• [WHAT YOU HAVE TO DO]:
Could you write out, exactly as they stand, only the lines in the listing below from the line with "Triple shrinkable adhesive" to the line with "Portaoggetti in vetro", both ends included, without the pictures?

+ + + + + + +

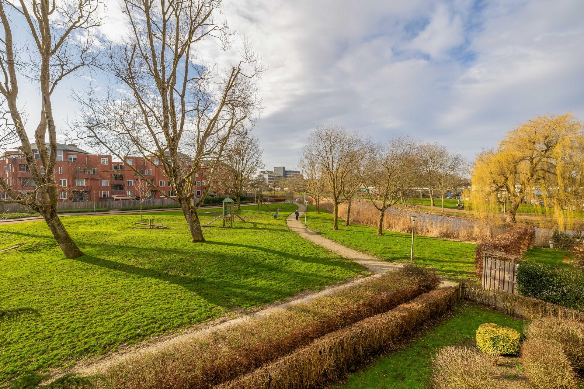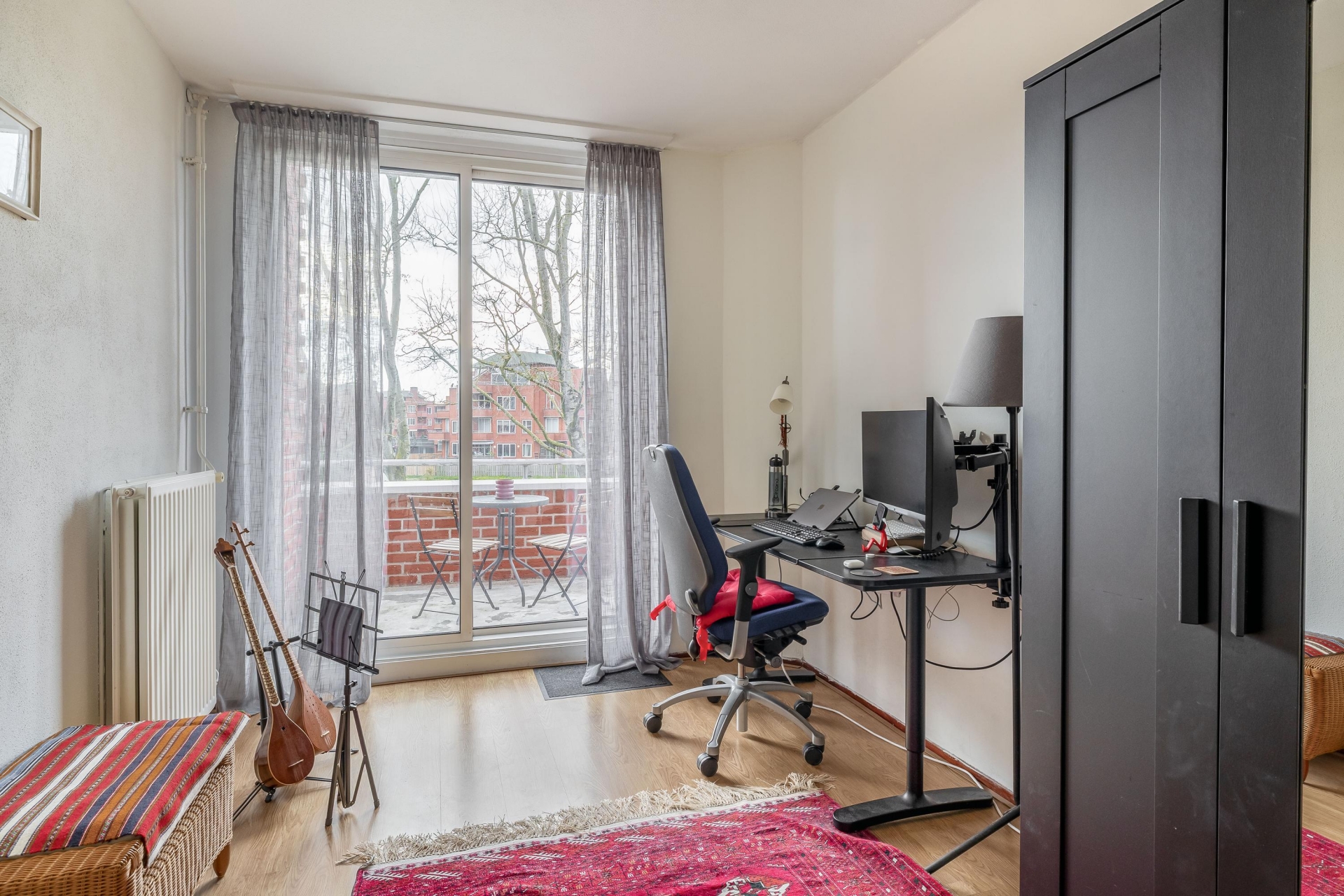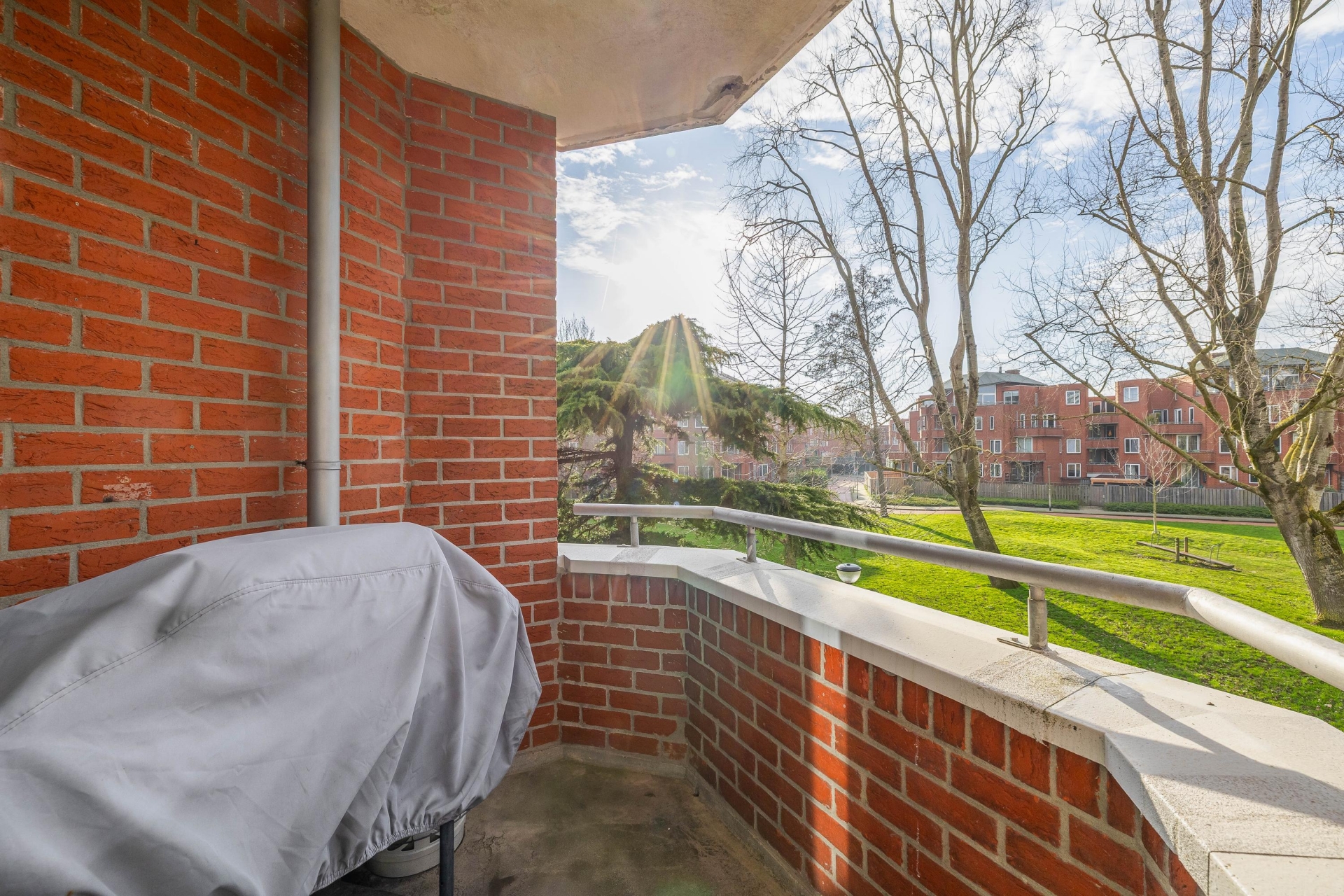 Vanuit de woonkamer stap je zo het balkon op. Hier zit je heerlijk beschut met uitzicht op groen.
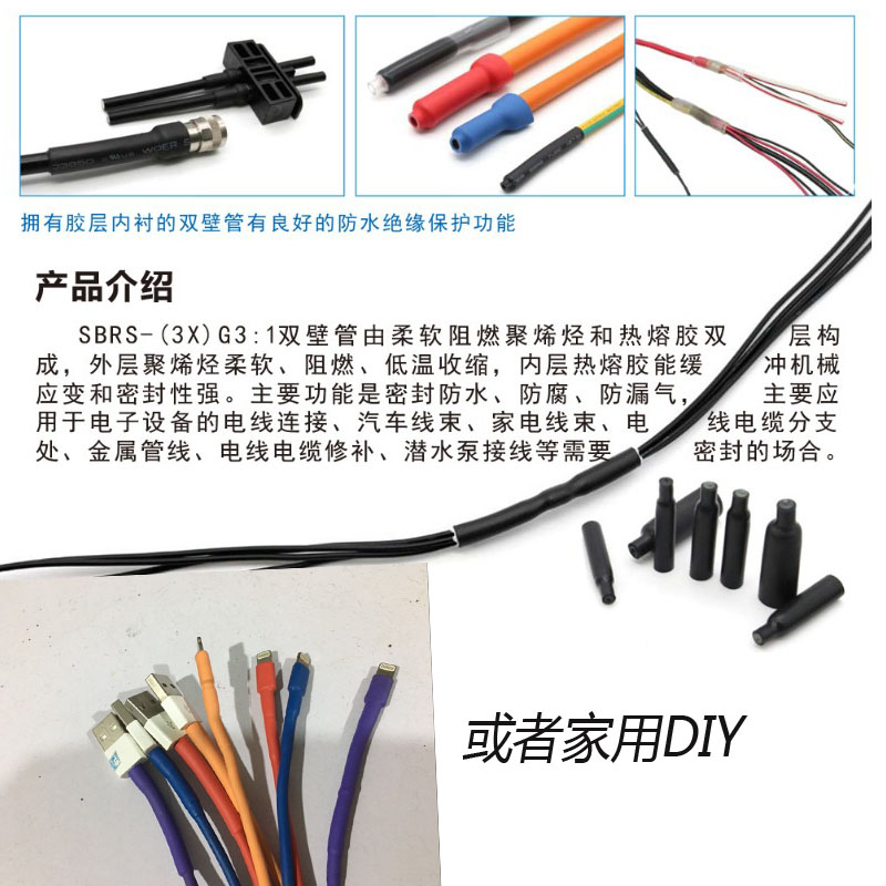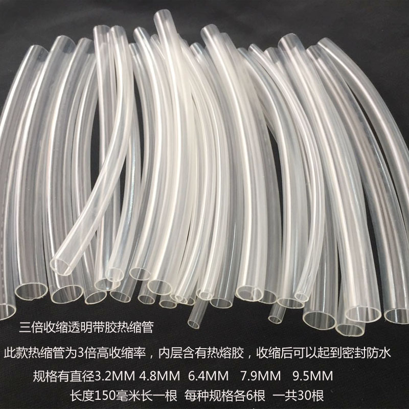 Triple shrinkable adhesive insulated heat shrinkable tube sleeve Data line repair thickened transparent color shrinkable tube set
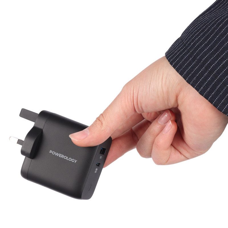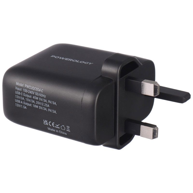 شارژر دیواری فست شارژ Powerology PWCUQC004-C 2Port QC3.0 PD 3A 45W + کابل تبدیل تایپ سی
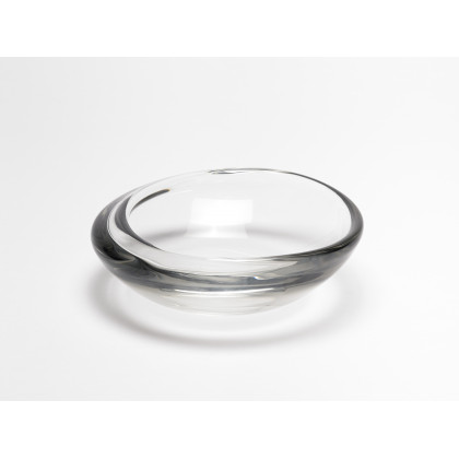 Portaoggetti in vetro massello trasparente. Murano 1970 ca. Firmato a punta sotto la base (d cm 15)
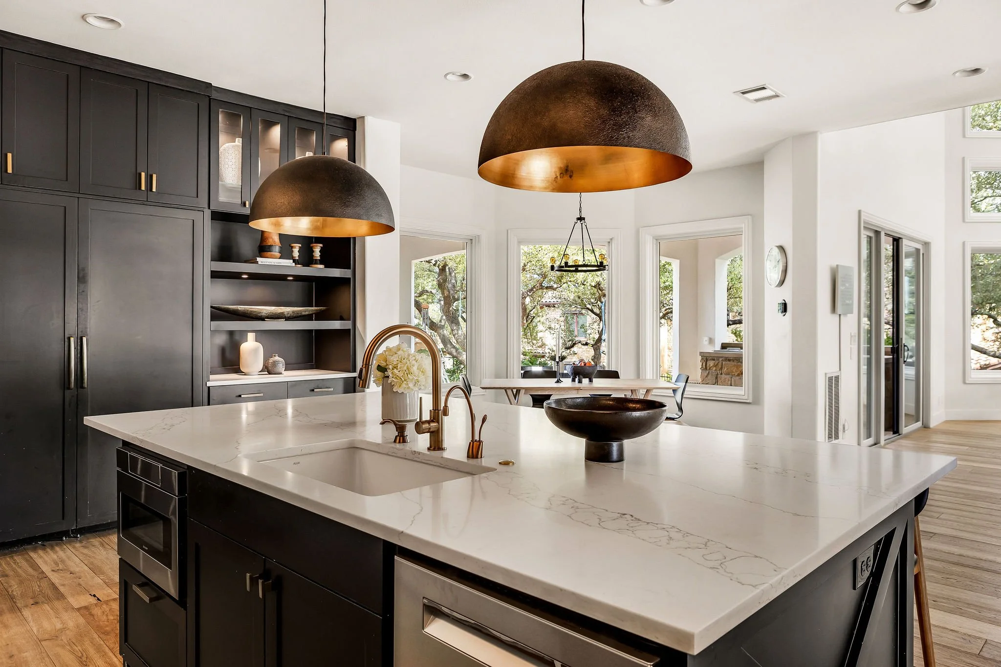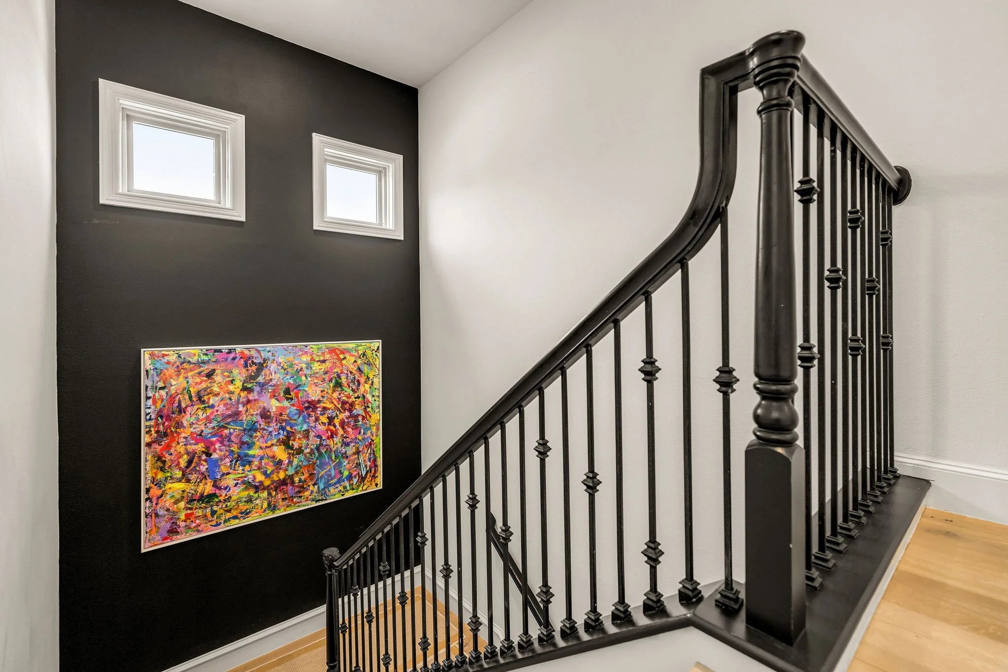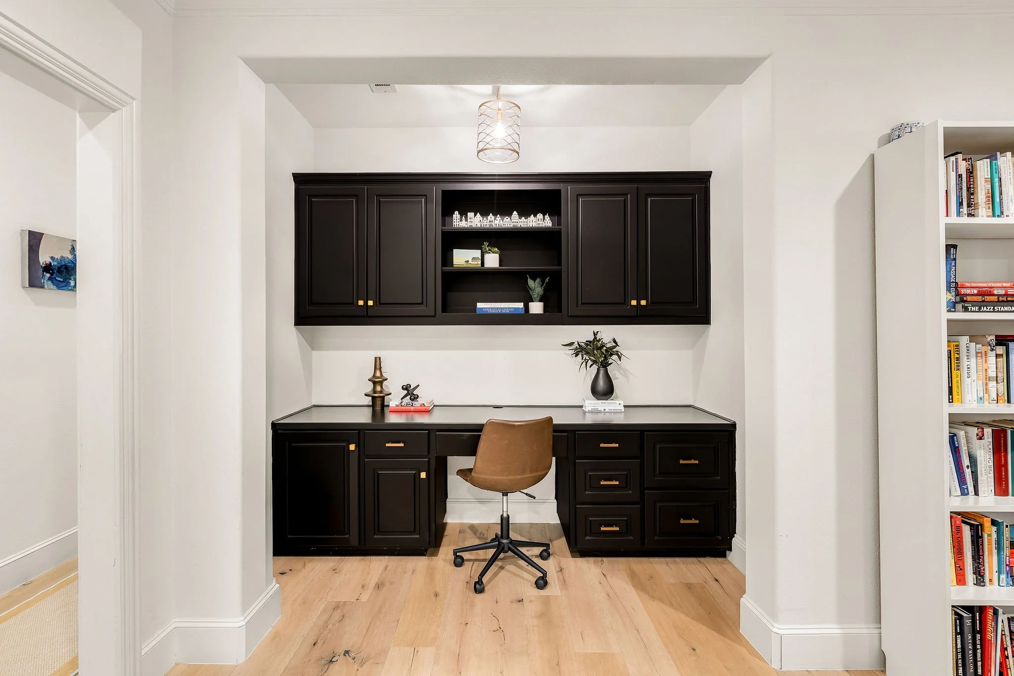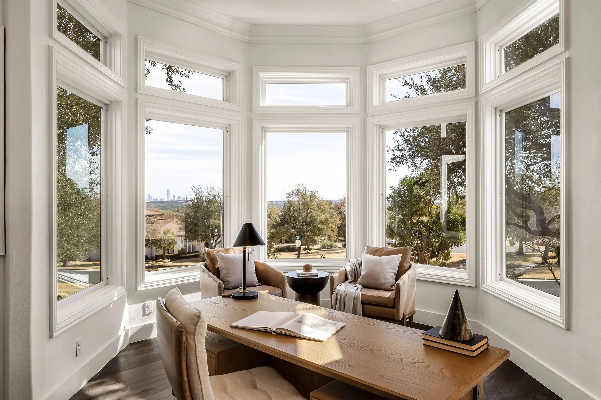 The main level includes a dedicated office with updated flooring and a new window, filling the space with natural light and framing downtown views. The primary suite is conveniently located on the main floor, while the open-concept kitchen anchors the home with quartz countertops and seamless flow into the surrounding living spaces.

+ + + + + + +

• [THE ANSWER]:
 Triple shrinkable adhesive insulated heat shrinkable tube sleeve Data line repair thickened transparent color shrinkable tube set
 شارژر دیواری فست شارژ Powerology PWCUQC004-C 2Port QC3.0 PD 3A 45W + کابل تبدیل تایپ سی
 Portaoggetti in vetro massello trasparente. Murano 1970 ca. Firmato a punta sotto la base (d cm 15)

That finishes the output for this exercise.